Yes she will have a small coat during the summer and yes her hair will eventually grow back where it has been clipped.

Erm, you really should have known that.


----------



## Kayty (Sep 8, 2009)

Interesting question from a horse owner????
Yes horse's have hair all year round.... just like any other mammal that grows a winter coat and sheds for summer. The coat just because shorter and finer through the summer months, and longer and thicker in the winter months. 

When was she clipped? It is inadvisable to clip when the coat has started to change, as you will damage the summer coat coming through and the clip lines will take longer to fade. I usually clip in May (I'm in Australia though, so this is the first month of winter here) and then keep my horses rugged and stabled at night, under lights if I am really wanting their coat to stay super short. By the time the coat starts to change for summer in around August, the coat has become thicker than a normal summer coat, but not yet a full winter, and will shed nicely into a fine summer coat. Clip during this time and you risk damaging the summer coat as I said above, and your lines will last a lot longer as the coat does not shed much at all once the summer coat has come through.


----------



## Sarahandlola (Dec 16, 2010)

She is my first horse to have during the summer so I didn't know. How silly of me. 

Anyways she was clipped last November. So once the hair does not fall out anymore that means the winter coat is gone?


----------



## ArabianLover2456 (Oct 5, 2010)

> he is my first horse to have during the summer so I didn't know. How silly of me.

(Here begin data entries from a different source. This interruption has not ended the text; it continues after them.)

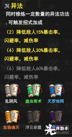 4、4异法,选“忘我魂灭”“天罗地网”“蛊虫奇术”“乱阴风”(四个足矣,不用特地凑6异法),降低敌人30%暴击、闪避、减伤,这个效果对boss蛮有用的
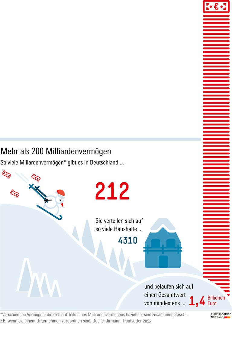 Der gesamte Wert der Milliardenvermögen hierzulande könnte statt rund 900 Milliarden Euro mindestens 1,4 Billionen Euro betragen, möglicherweise sogar deutlich mehr. Das entspricht gut einem Drittel bis der Hälfte des deutschen Bruttoinlandsprodukts. Zu diesem Ergebnis kommt eine Studie von Julia Jirmann und Christoph Trautvetter von der Nichtregierungsorganisation Netzwerk Steuergerechtigkeit, gefördert von der Hans-Böckler-Stiftung. Demnach gibt es in Deutschland nicht nur mehr Milliardenvermögen als in Forschung, Medien und Öffentlichkeit angenommen. Auch sind die bereits bekannten Supervermögen in bisherigen Analysen teilweise unterschätzt worden, etwa weil Gewinnausschüttungen nicht vollständig erfasst wurden oder der Wert von Unternehmensanteilen oder Immobilien zu niedrig veranschlagt wurde.
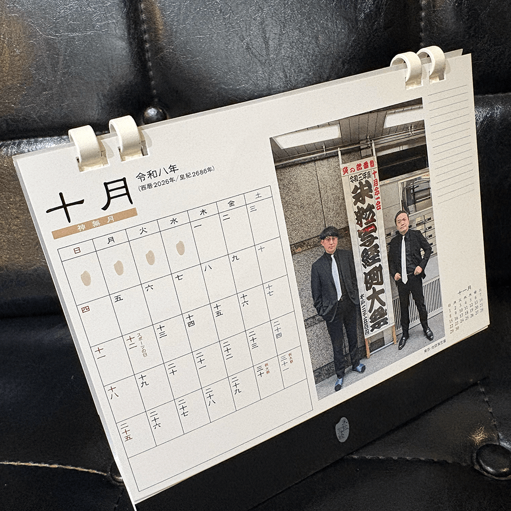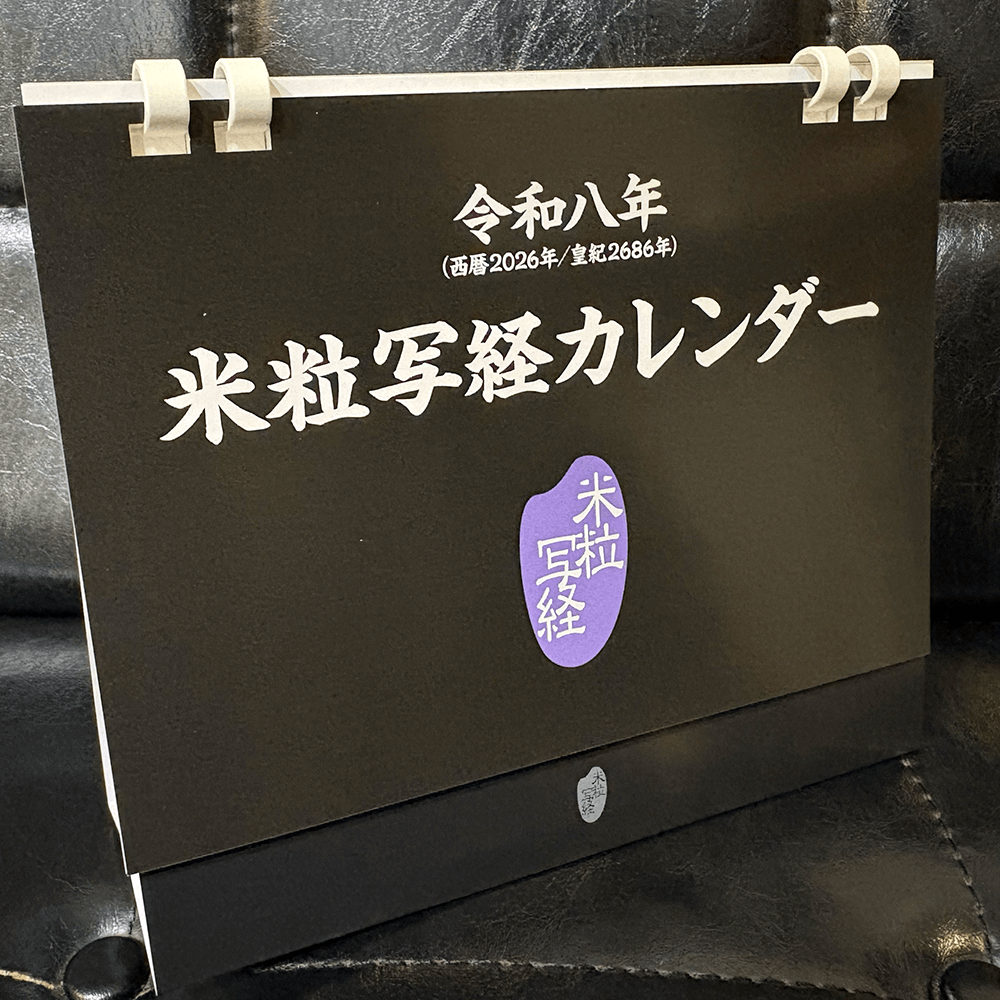 毎年恒例の米粒写経の卓上カレンダー。例大祭十周年を記念して、これまでに例大祭を開催した会場での写真のカレンダーとなっています。
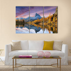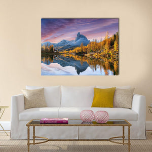 Autumn Lake Federa in Dolomites depicts a mountain lake bordered by vibrant autumn trees and snow-capped peaks, with a streaked sunset sky reflected on the water. The realistic scene uses blue, purple, orange, yellow, and white to create a calm, majestic, and atmospheric mood. A colorful nature print that fits well in modern living room decor or an entryway.
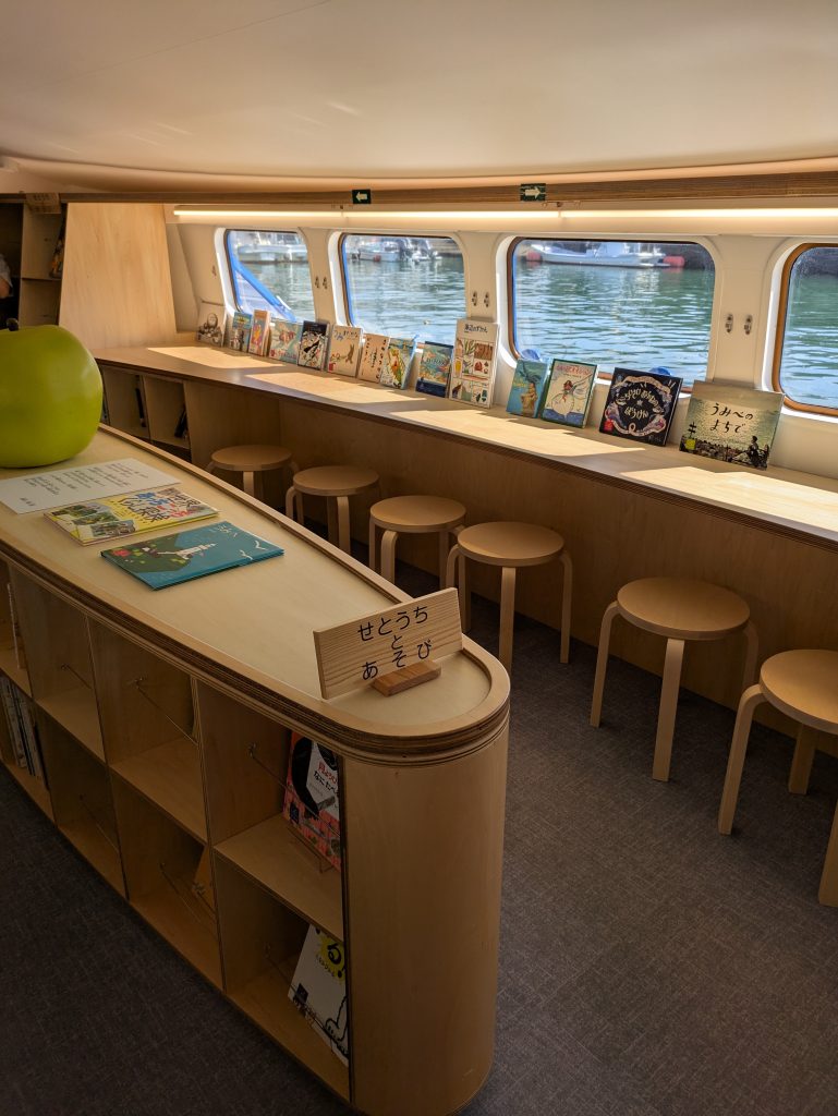 船内に入ると沢山のほんと、木の温かみであふれていました。船内には本が約2000冊あるそうです。

oh dw about it! The forum is here to ask questions!


----------



## candandy49 (Jan 16, 2011)

This maybe a bit confusing, but horses actually are double coated meaning they have a very dense thick undercoat with the upper outer coat. I found this out quite by chance. I had given a horse a complete full-blown bath with shampoo and conditioner. I then was using a water/sweat scraper to remove all the excess water from his coat that I could. Then when he was fully dry with no time to roll or get turn-out I started brushing him, guess what his under coat revealed, yup it was still dusty and quite untouched by the bath I had given him. I had used a rubber nubbed bathing mitt all along while giving him the bath. 

That I reasoned is why they fair far better in most climates given a chance for them to get acclaimated to different altitudes or seasonal weather changes. For a very good example, I have a friend who is Swede by birth, but married an American and became a naturialized USA citizen. Her American husband was killed in an auto accident so she sold off all her assets here and shipped herself and her horse to Sweden.


----------



## mom2pride (May 5, 2009)

Your horse will not be naked when she sheds her winter coat...and yes her clip line will also disappear as her winter coat (mostly undercoat where she's clipped) is replaced by her shorter summer coat.


----------